Lifeguard who saved 'wrong kind of drowning man' is sacked

Question: When is a lifeguard not supposed to guard life? Answer: when he's an "aquatic risk management consultant" working for a private contractor hired to oversee public beaches in the world's most litigious country.

Tomas Lopez, a 21-year-old member of the Baywatch corps on Hallandale Beach in Florida, was at the centre of nationwide outrage last night after it emerged that he had been fired for the egregious sin of saving a swimmer who had been drowning.

The lifeguard was approached by a member of the public on Monday afternoon and told that a nearby beachgoer was in trouble. He ran to the scene, where the man had been dragged from the water and was already receiving first-aid treatment, and attended to him until paramedics arrived.

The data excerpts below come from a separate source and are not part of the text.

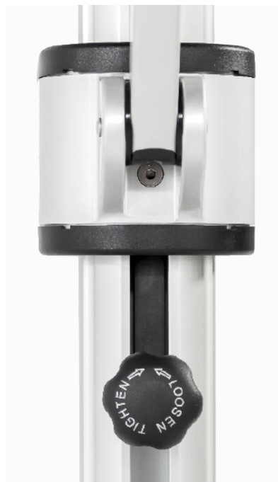
INFINITY TILT SYSTEM
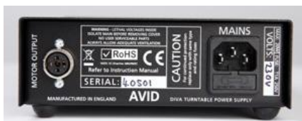
DIVA II SP PSU REAR
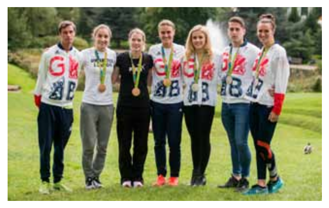
Medal winners included members of the British Swimming National Centre who train at Bath.

But when Mr Lopez filled out an incident report for his employer, Jeff Ellis Management, he was promptly sacked. The reason: the rescue occurred roughly 1,500 feet outside the "safety area" Mr Lopez was officially supposed to be protecting, where signs tell people they swim at their own risk.

According to a statement from the company, Mr Lopez therefore broke one of the cardinal rules of his job: he left them with a "liability issue". Had the rescue gone wrong, or had another incident occurred in the "safety area," the firm could theoretically have been sued.

"We have liability issues and can't go out of the protected area," the company's supervisor Susan Ellis told reporters. "What he did was his own decision. He knew the company rules and did what he thought he needed to do."

Mr Lopez has no regrets. Helping the man, who remains in intensive care "was the moral thing to do," he said, adding: "I wouldn't put my job over morals."

Several colleagues agree. Seven have already resigned, saying they refuse to work for a company which puts health-and-safety protocol ahead of saving a human life.

"What are we supposed to do?" asked Zoard Janko, one of the seven. "Let people die?"

As outrage over the affair mounted last night, the firm issued a second statement, saying they had begun an investigation into the "exact facts of what happened," adding: "If we did something inappropriate, we will make it right."